Task description - Please write out exactly the lines from the one with "De los datos" through the end of the data below, both ends included, and omit any pictures.

Supplied records -
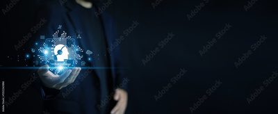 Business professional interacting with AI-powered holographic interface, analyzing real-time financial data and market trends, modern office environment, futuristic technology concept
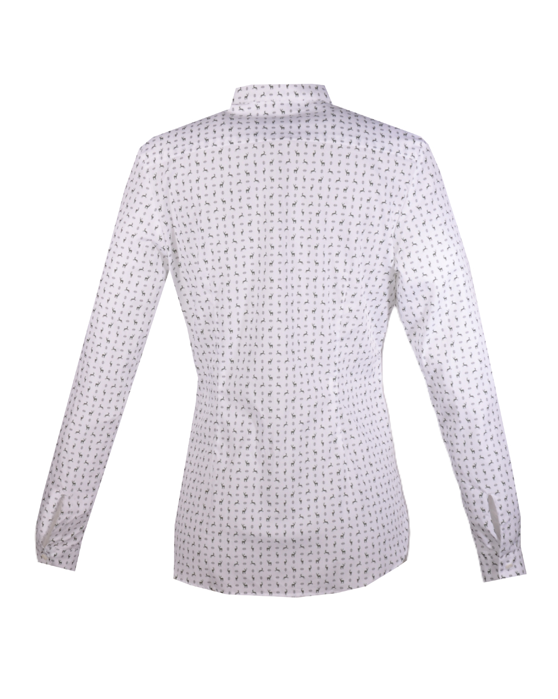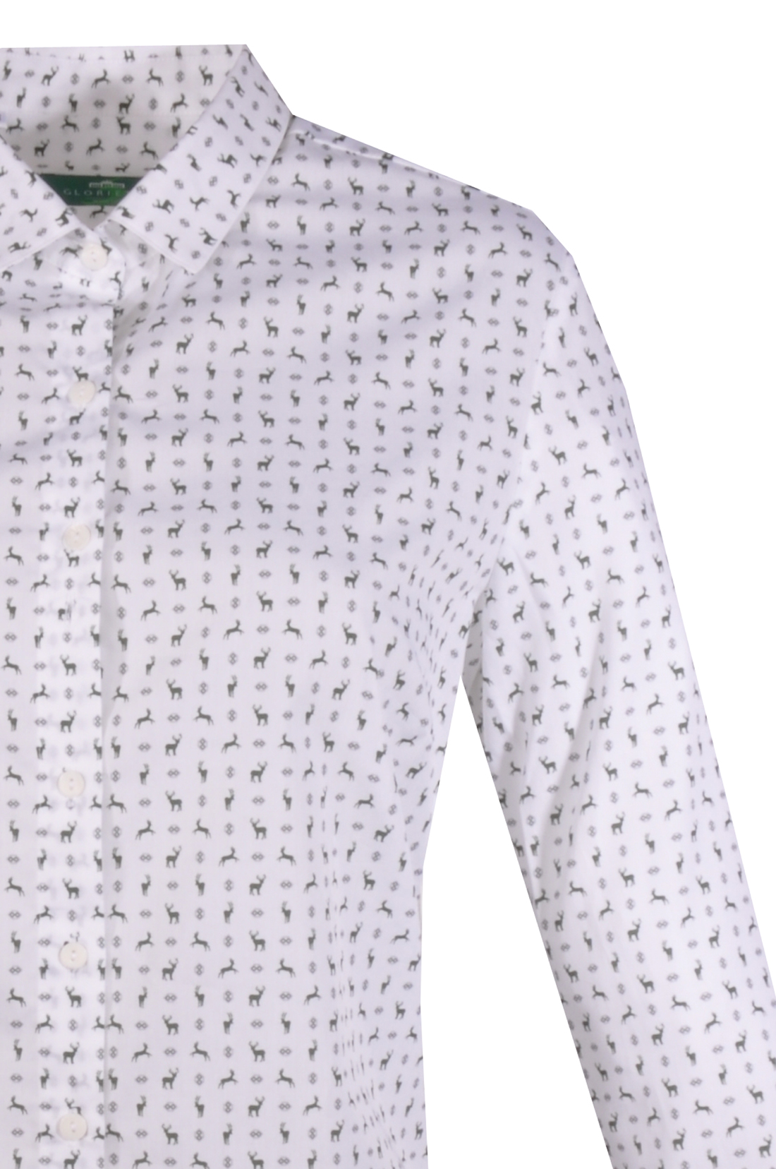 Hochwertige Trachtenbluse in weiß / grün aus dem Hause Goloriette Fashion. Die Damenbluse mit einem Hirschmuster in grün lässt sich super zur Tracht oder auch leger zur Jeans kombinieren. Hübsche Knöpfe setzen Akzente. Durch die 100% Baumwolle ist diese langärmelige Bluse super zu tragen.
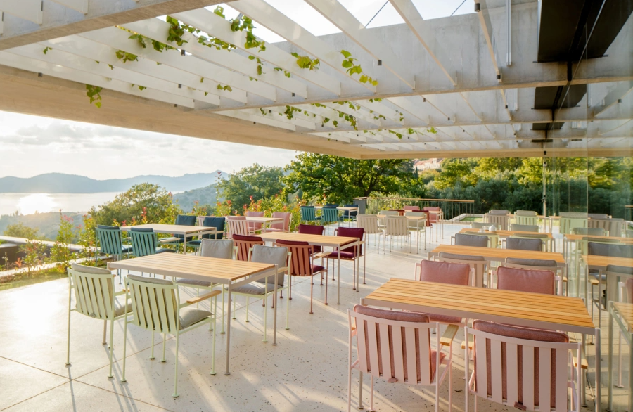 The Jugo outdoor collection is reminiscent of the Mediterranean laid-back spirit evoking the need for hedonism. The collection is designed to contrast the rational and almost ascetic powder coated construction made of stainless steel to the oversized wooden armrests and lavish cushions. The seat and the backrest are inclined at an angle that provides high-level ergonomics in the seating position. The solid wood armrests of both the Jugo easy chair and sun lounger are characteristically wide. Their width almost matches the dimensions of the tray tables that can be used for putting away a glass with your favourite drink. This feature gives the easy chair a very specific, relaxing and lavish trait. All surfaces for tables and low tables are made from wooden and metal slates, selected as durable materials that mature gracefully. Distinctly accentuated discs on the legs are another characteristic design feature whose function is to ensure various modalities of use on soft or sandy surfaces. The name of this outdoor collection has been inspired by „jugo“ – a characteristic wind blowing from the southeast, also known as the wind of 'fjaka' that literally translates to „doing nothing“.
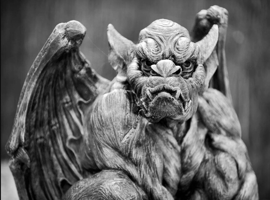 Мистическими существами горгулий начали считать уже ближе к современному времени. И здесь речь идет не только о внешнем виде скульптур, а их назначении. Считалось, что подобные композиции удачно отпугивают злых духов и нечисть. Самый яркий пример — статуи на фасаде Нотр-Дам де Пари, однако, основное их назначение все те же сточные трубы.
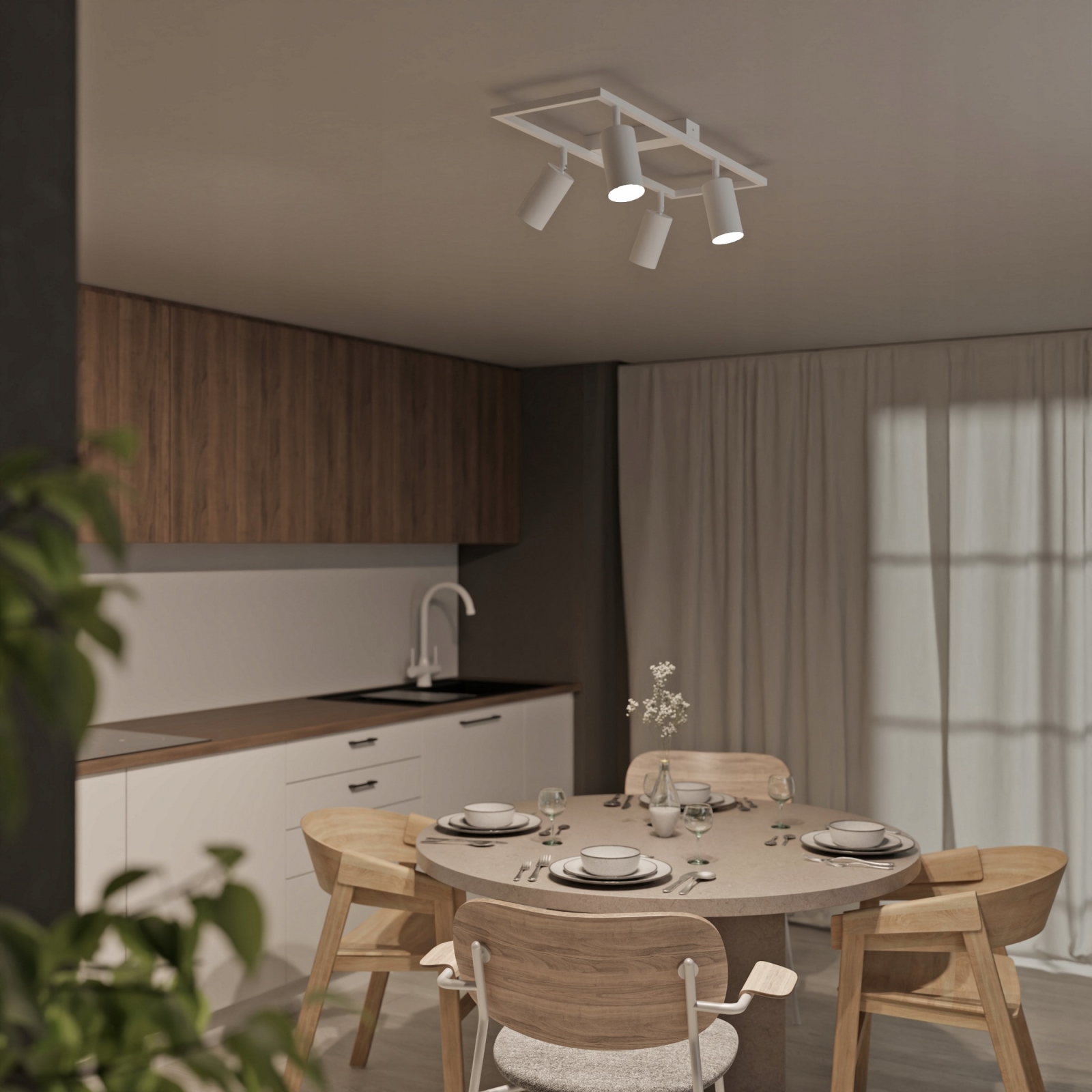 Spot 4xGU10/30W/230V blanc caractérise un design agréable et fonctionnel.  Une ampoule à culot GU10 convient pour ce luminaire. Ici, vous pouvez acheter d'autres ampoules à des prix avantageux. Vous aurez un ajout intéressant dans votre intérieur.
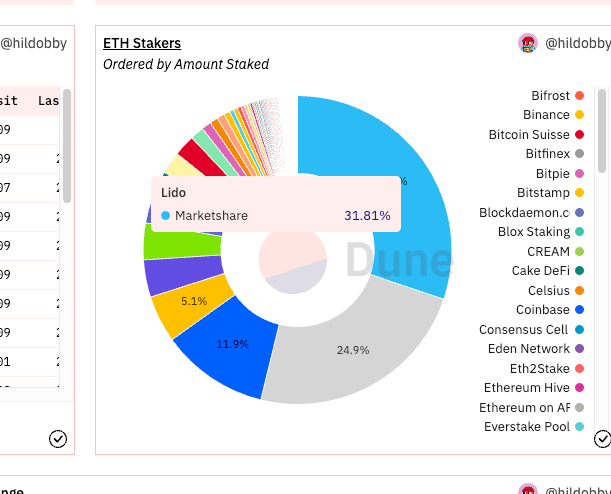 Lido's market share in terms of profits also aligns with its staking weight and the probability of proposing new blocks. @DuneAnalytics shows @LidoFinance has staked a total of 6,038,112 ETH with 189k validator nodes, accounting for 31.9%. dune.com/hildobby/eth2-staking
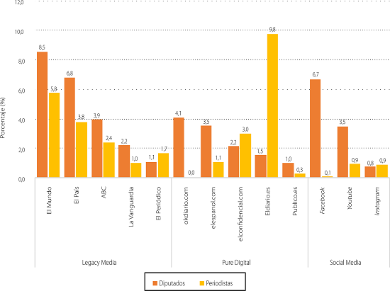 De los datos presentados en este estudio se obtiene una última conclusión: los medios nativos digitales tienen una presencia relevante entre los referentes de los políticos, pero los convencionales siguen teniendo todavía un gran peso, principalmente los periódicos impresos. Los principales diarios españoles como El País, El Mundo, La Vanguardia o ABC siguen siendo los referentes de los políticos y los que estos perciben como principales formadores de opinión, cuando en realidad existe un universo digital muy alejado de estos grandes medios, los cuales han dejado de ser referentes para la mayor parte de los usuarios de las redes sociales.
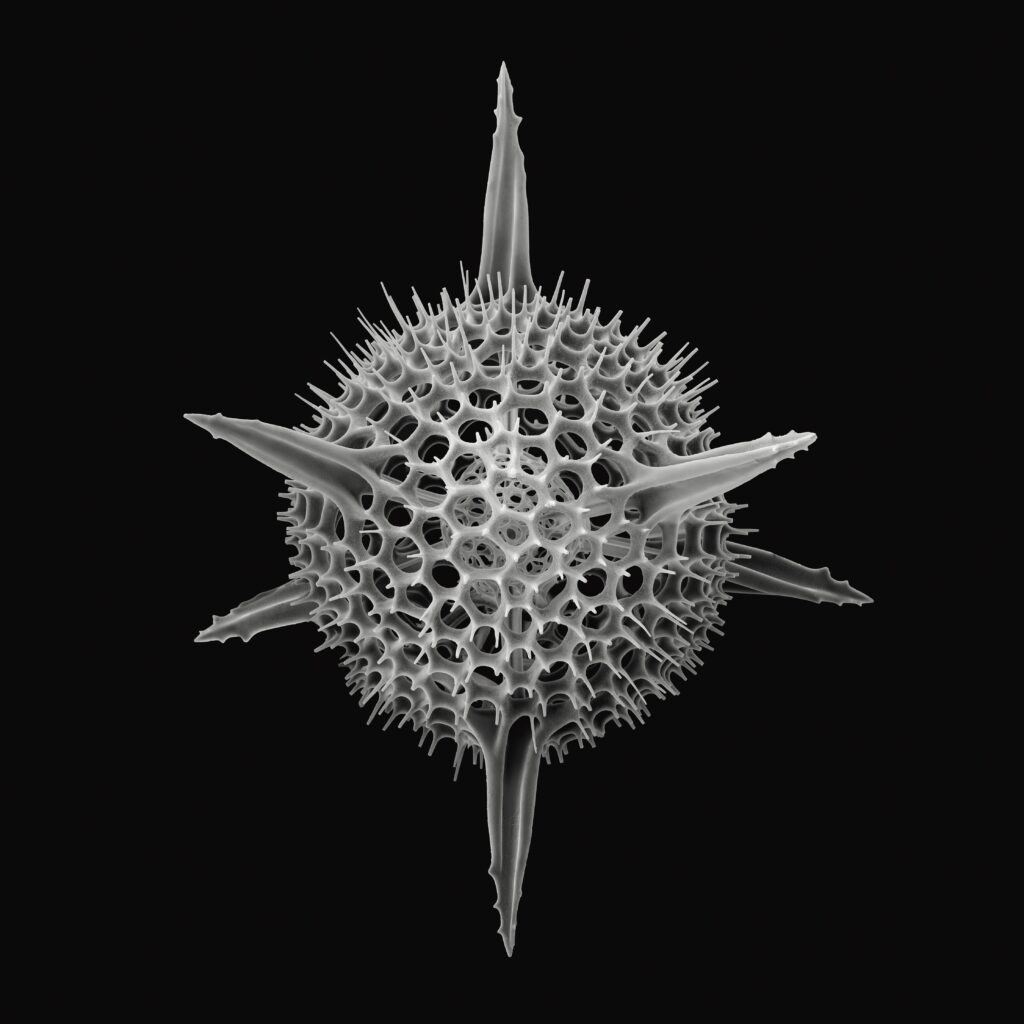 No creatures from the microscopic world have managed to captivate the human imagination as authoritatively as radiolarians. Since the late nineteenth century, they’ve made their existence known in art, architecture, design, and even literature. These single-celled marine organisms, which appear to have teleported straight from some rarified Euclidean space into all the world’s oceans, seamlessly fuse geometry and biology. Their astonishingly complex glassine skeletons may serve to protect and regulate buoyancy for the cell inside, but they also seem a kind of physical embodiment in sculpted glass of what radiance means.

Exercise solution -
 De los datos presentados en este estudio se obtiene una última conclusión: los medios nativos digitales tienen una presencia relevante entre los referentes de los políticos, pero los convencionales siguen teniendo todavía un gran peso, principalmente los periódicos impresos. Los principales diarios españoles como El País, El Mundo, La Vanguardia o ABC siguen siendo los referentes de los políticos y los que estos perciben como principales formadores de opinión, cuando en realidad existe un universo digital muy alejado de estos grandes medios, los cuales han dejado de ser referentes para la mayor parte de los usuarios de las redes sociales.
 No creatures from the microscopic world have managed to captivate the human imagination as authoritatively as radiolarians. Since the late nineteenth century, they’ve made their existence known in art, architecture, design, and even literature. These single-celled marine organisms, which appear to have teleported straight from some rarified Euclidean space into all the world’s oceans, seamlessly fuse geometry and biology. Their astonishingly complex glassine skeletons may serve to protect and regulate buoyancy for the cell inside, but they also seem a kind of physical embodiment in sculpted glass of what radiance means.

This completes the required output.